As an investor, you need to avoid these zombies at all costs. Don't get drawn in by the hoopla.The two most prominent are those ill-fated twins of the housing disaster, Fannie Mae (FNM, news, msgs) and Freddie Mac (FRE, news, msgs). These are the government-sponsored entities that used to print money by guaranteeing and buying home mortgages.
Now they're mere shells reporting huge losses. If they ever manage to make money again, it will go to pay back huge loans from the government -- $100 billion and climbing. Average shareholders don't have a prayer.
Yet during the month, these two zombies soared around 300% on enough volume to rank them at times among the market's most-traded stocks.
Another zombie is General Motors' pre-bankruptcy stock. Motors Liquidation (MTLQQ, news, msgs) contains little more than unwanted factories and legal claims against the company. Yet in early August, it surged 140% on huge volume.
Motors Liquidation is at least relegated to the market netherworld of the pink sheets; Fannie and Freddie still trade on the New York Stock Exchange. So does the insurance company American International Group (AIG, news, msgs), which traded up as much as 330% in August. The AIG case is more arguable, but I still consider it a zombie.
All four stocks took a beating yesterday as September opened.

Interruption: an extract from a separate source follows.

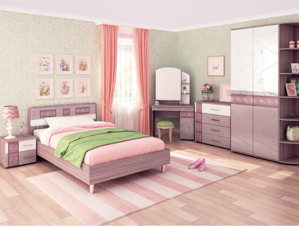 У кровати оригинальное изголовье, фасад с МДФ фрезеровкой и стеклянной вставкой с печатью. Ножки регулируются и могут компенсировать неровности пола. Спальное место 1200-2000.
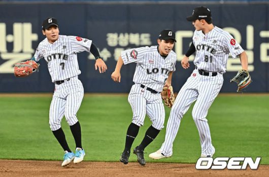 [OSEN=대구, 이석우 기자] 18일 대구삼성라이온즈파크에서 2025 신한 SOL 뱅크 KBO 리그 삼성 라이온즈와 롯데 자이언츠의 경기가 열렸다. 홈팀 삼성은 이승현이, 방문팀 롯데는 데이비슨이 선발 출전했다. 롯데 자이언츠 윤동희와 외야수들이 삼성 라이온즈에 8-1로 승리한 후 기쁨을 나누고 있다. 2025.04.18 / foto0307@osen.co.kr

But that only begs the question: If these stocks are better off dead, why have investors been bidding them up?
Who's playing with zombies?
Some of the buying is legitimate, coming from investors who went short, selling borrowed shares in hopes of buying them back at a lower price later. Now they need to cover their positions by buying replacements for the borrowed shares to lock in their gains.Beaten-down shareholders are also likely to sell on any move up. But these factors don't explain all the action.
Video: Why are Fannie and Freddie moving up?
Some buyers chasing these zombies are clearly getting duped by penny-stock touts -- who take positions in dirt-cheap stocks, talk them up and then sell. Back in July, for example, one penny-stock service issued a news release stating that the GM zombie "emerged from the remains of bankrupt General Motors Corp. by taking over the best assets of the biggest U.S. automaker."
The best assets? Hardly. The same release also stated correctly that the real GM -- the part that actually makes cars -- is now a private company. But analysts aren't sure people get that. "I think there are some retail investors out there who don't realize Motors Liquidation is not GM," says David Whiston, who covers the auto sector for Morningstar. Otherwise, its movements are "just baffling," says Whiston.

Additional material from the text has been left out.